| Summary: | Booking.com confirmation pdf not parsed | ||
|---|---|---|---|
| Product: | [Applications] KDE Itinerary | Reporter: | Gergely HORVÁTH <horvathg.1988> |
| Component: | general | Assignee: | Volker Krause <vkrause> |
| Status: | REPORTED --- | ||
| Severity: | normal | ||
| Priority: | NOR | ||
| Version First Reported In: | unspecified | ||
| Target Milestone: | --- | ||
| Platform: | Other | ||
| OS: | Linux | ||
| Latest Commit: | Version Fixed/Implemented In: | ||
| Sentry Crash Report: | |||
|
Description
Gergely HORVÁTH
2024-07-11 20:48:14 UTC
PDF created by printing a website are currently unfortunately not supported, the PDFs we can import are only those generated by providers themselves. Is it because the generated pdfs contain some additional metadata/tags that makes it easier/possible to parse or because the position of various data after printing is not constant? Moreover, are you using some metadata or searching for patterns on the page during parsing? The main challenge with browser-generated PDFs is that line and page breaks don't tend to be stable, resulting in many more variations that need to be handled. That doesn't mean extracting from them is impossible, but you can usually only rely on textual content not the structure or layout of it.
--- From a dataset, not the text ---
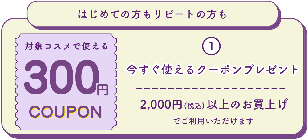 ※❷のクーポンは❶のクーポンではじめてコスメをご利用いただいた方に9月中旬頃プレゼントいたします。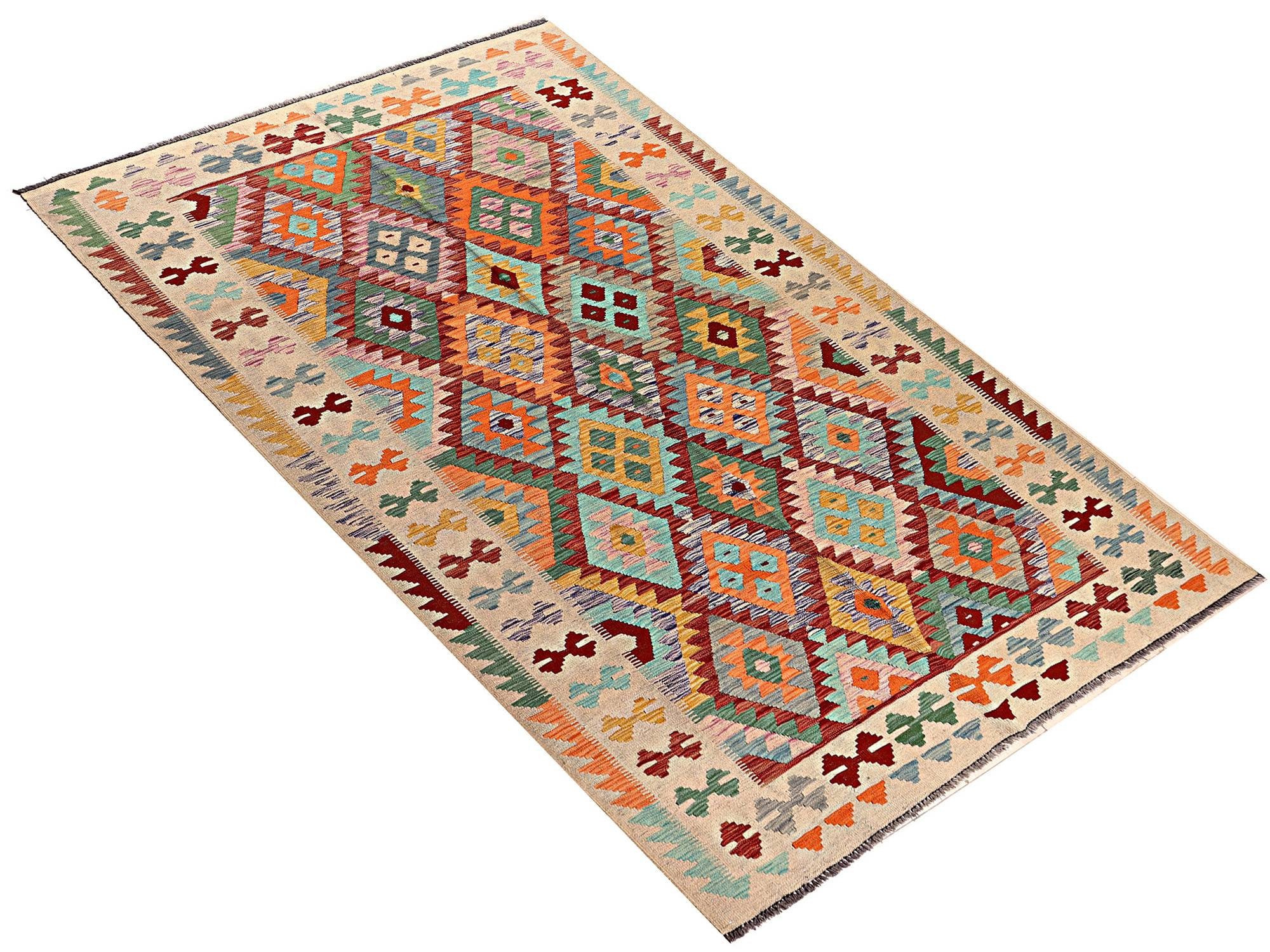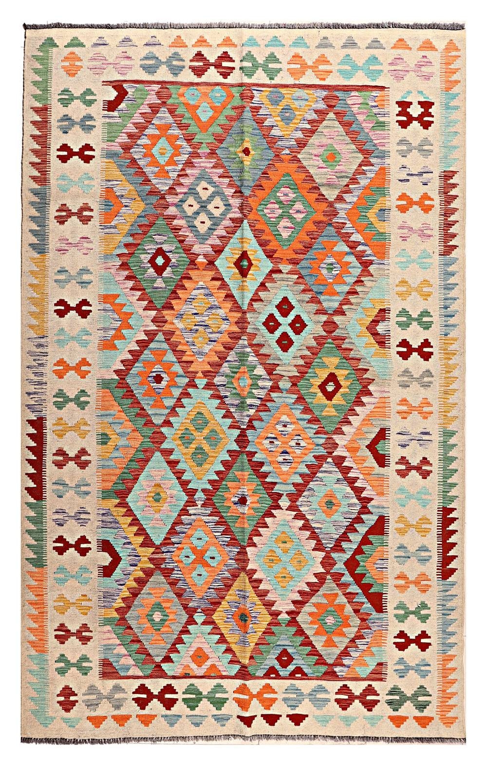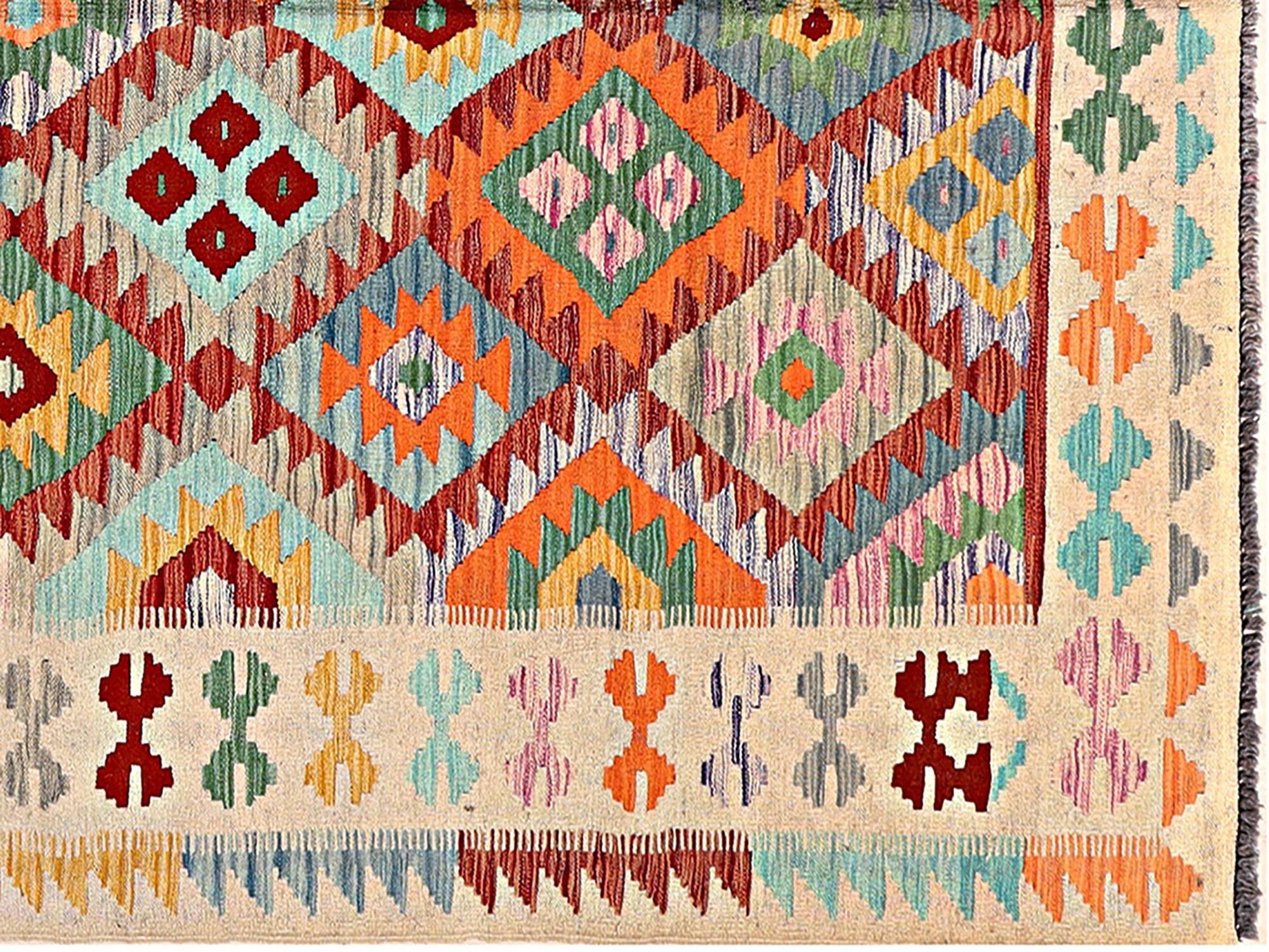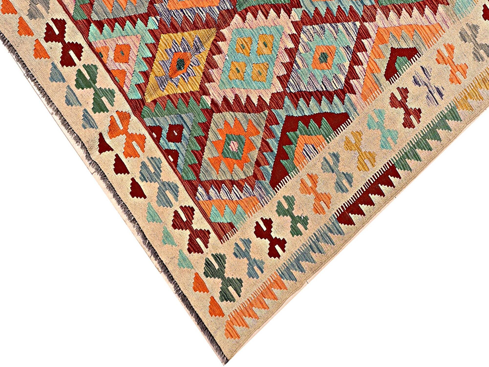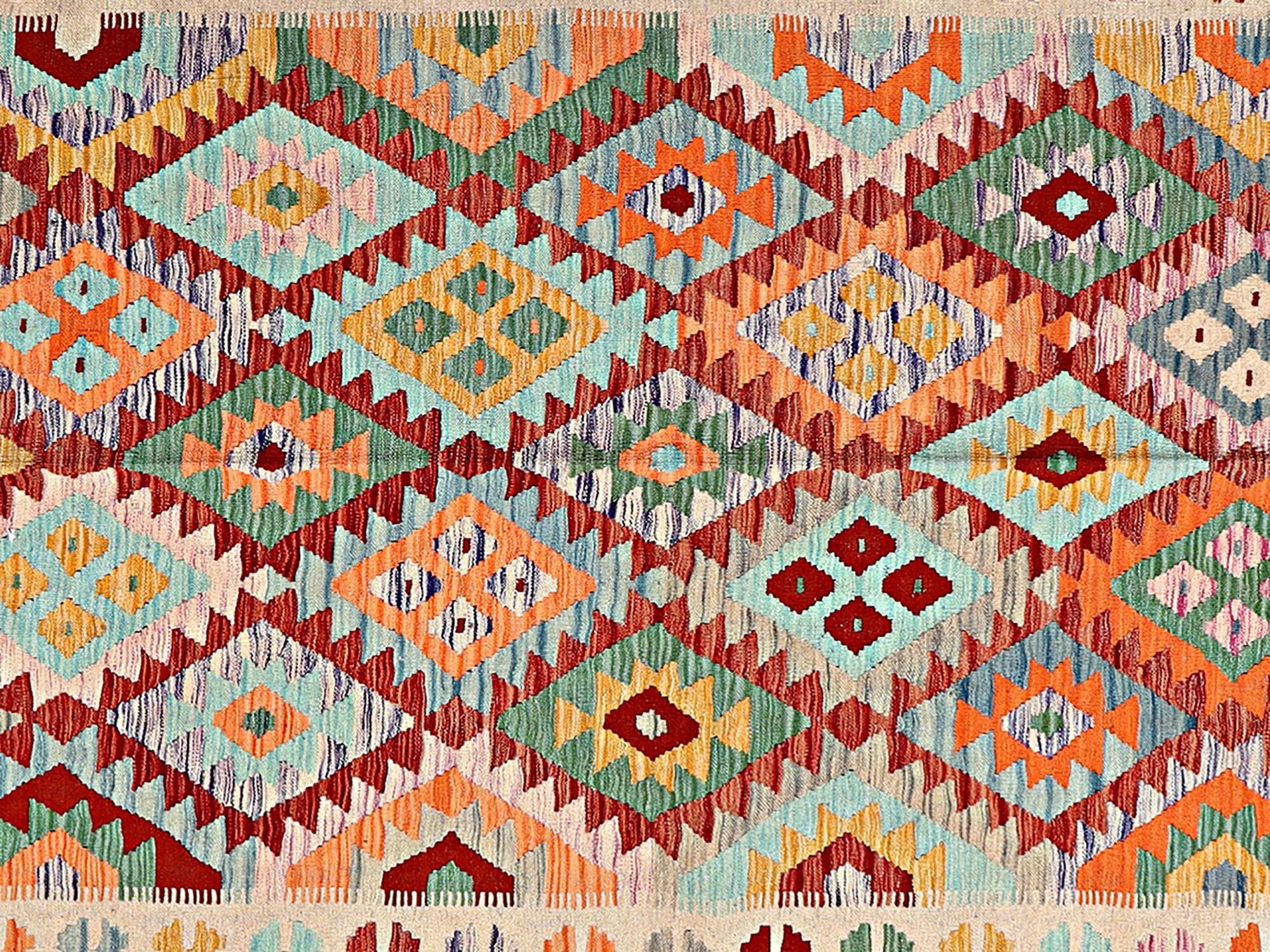 A brand new very high quality multicolour 100% handmade flatwoven traditional wool on wool Afghan kilim rug.

For extracting other PDF we tend to use a mix of textual and structural approaches. Metadata beyond that is rare in PDFs (eg. the author/creator fields), we use that e.g. for determining the correct extractor scripts when properly set (which is more efficient than doing that based on the content). The best case are (large) 2D barcodes in PDFs, like found on flight or train tickets, but those should work in PDFs printed from websites already as well. |